Experimental pseudospectrums from MUSIC, a 5 random individual vehicle spectrums, b group spectrum

4 Conclusions

This paper has proposed four different postprocessing strategies to estimate a bridge’s fundamental frequency, \(\omega_{1}\), from acceleration data recorded from a traversing vehicle when the mass and stiffness of the vehicle and the bridge (and, thus, the expected bridge frequency) are not known a priori. These strategies include single-vehicle estimation using vehicle acceleration DFTs (SVE), crowdsourced vehicle estimation using an average vehicle acceleration DFT for a group of vehicles (CVE), single-vehicle estimation using the MUSIC algorithm (SVEM), and a crowdsourced multi-vehicle estimation using the MUSIC algorithm (CVEM). Finite element simulations of various vehicles traversing bridges were performed and analyzed using these bridge frequency estimation strategies. Both a flexible bridge with \(\omega_{1}\) near the vehicle frequencies and a stiffer bridge with \(\omega_{1}\) outside of the considered vehicle frequencies were used for analysis and comparison between the different strategies. Additionally, an experimental validation was performed on a scale-model laboratory bridge.

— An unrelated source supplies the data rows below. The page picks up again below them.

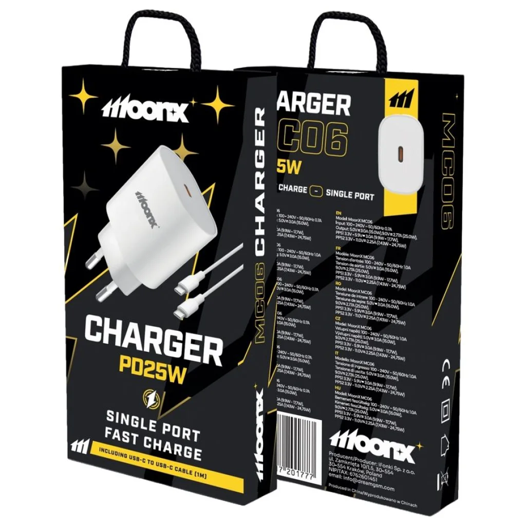 A MOONX MC06 fali töltő egy modern és nagy teljesítményű megoldás eszközei gyors és hatékony töltésére. Az akár 25W Power Delivery (PD) technológiának köszönhetően pillanatok alatt feltöltheti okostelefonját, tabletjét vagy más USB-C kompatibilis eszközét. A csomagban található 1 méteres USB-C - USB-C kábellel azonnal használatba veheti a töltőt, így nem kell külön beszereznie hozzá semmit.
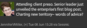 I just returned from a quarterly management meeting being hosted by a client. It’s a two-day meeting being held offsite for 30 mid- to senior-level managers of a business unit. During the meeting, Pete, head of a 1200-person business unit, unveiled his brand-new blog. I really admire Pete. He’s been taking risks and encouraging his staff to do the same. When he revealed the blog today, his group gave him some good natured ribbing– “So, can employees ‘write on your wall?’ ” and “Yeah, SURE they can post anonymously.” And: “What? Are you going to go on Twitter now too?!” Pete openly admits that this experiment may not work. In general, efforts to use social media have not taken hold in his company. However, Pete remains undeterred. He wants to fully explore the opportunities that a social media platform can bring to his workforce.
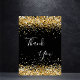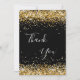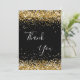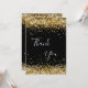 Ett feminin- och elegant födelsedagstack. En svart bakgrund färg. Med faux guld konetti. På framsidan av stora bokstäver och texten: Tack. Tillbaka: Anpassa och lägg till tackkort och namn. Namn är skrivet med ett modernt handskript i stil med dekorationer. Om du bara vill behålla utslagen tar du bort exemplet namn lämnar du blankstegen eller symbolerna framför och efter namn.
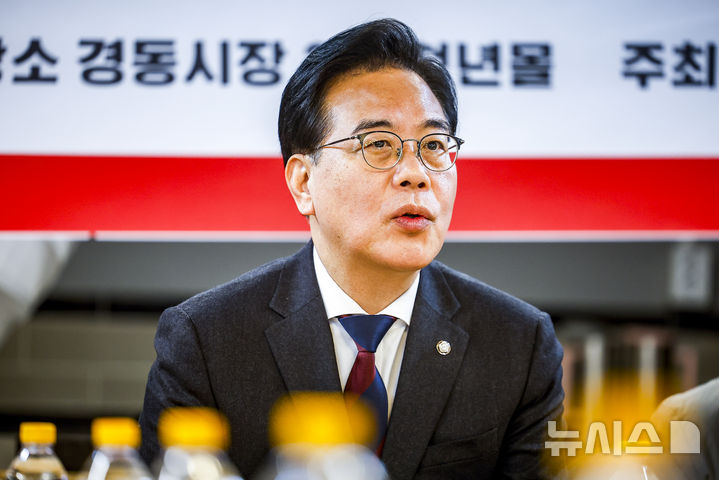 [서울=뉴시스] 정병혁 기자 = 송언석 국민의힘 원내대표가 12일 서울 동대문구 경동시장 청년몰에서 열린 국민의힘 민생경제 현장간담회에서 인사말을 하고 있다. 2026.02.12. [email protected]

The analytical results in this paper show that with multiple vehicles with diverse characteristics and no added user events, \(\omega_{1}\) can be estimated with no a priori knowledge of the mass and stiffness of the bridge or the vehicle using the simple method of identifying the peak in the DFT or pseudospectrum with the largest magnitude. If accelerations due to user interaction with the iPhone or some other phenomenon are included within the vehicle signatures, the MUSIC algorithm can be used in the CVEM strategy to make an accurate estimation of \(\omega_{1}\).

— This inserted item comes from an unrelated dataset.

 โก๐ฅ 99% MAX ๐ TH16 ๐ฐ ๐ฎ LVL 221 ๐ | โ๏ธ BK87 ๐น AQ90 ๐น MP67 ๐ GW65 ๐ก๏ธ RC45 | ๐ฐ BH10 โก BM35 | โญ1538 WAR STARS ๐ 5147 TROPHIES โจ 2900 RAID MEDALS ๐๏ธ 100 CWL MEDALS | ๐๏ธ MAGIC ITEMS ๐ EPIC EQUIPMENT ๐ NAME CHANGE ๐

For scenarios where \(\omega_{1}\) and \(\omega_{{\text{v}}}\) are in close proximity, it is difficult to isolate the two frequencies on a single-vehicle basis. However, utilizing the crowdsourcing methodologies presented with a group of vehicles with diverse frequencies, the frequency content due to \(\omega_{{\text{v}}}\) becomes spread out; thus, making it easier to isolate the desired bridge frequency.

This paper establishes a crowdsourcing framework comparable to the state of the art without a priori information about vehicle or bridge mass, stiffness, and frequency and without the use of attached sensors. Future work includes investigating the effect of additional complexity, such as surface roughness or three-dimensional effects on the performance of the presented methodologies. Additionally, the use of the presented methodologies to estimate high-order modal frequencies for the use in structural health monitoring applications will be investigated.

Appendix: User interaction signals

In an ideal diagnostic scenario, a smartphone would be stationary within a vehicle traversing a bridge. In reality, user interaction may occur. As a first-order approximation to including user interaction among vehicle signals, several experiments were performed to investigate superposition of two user events (i.e., Talk and Drop events) on vehicular vibration signals. For both user events, the following acceleration responses were recorded experimentally from a smartphone in a vehicle:

1. 1.

   Driving along flat ground with no user events performed;

2. 2.

   The user event while the car was stationary;

3. 3.

   The user event while the car was driven along flat ground.

Figures 

Fig. 11

Time history comparison for drop event

11 and

Fig. 12

Time history comparison for talking event

12 compare the superposition of signal types 1 and 2 with signal type 3 for both Drop and Talk events. To a first-order approximation, the superposition of individual events upon vehicle signals resembles the response of the smartphone to a user event during vehicle movement.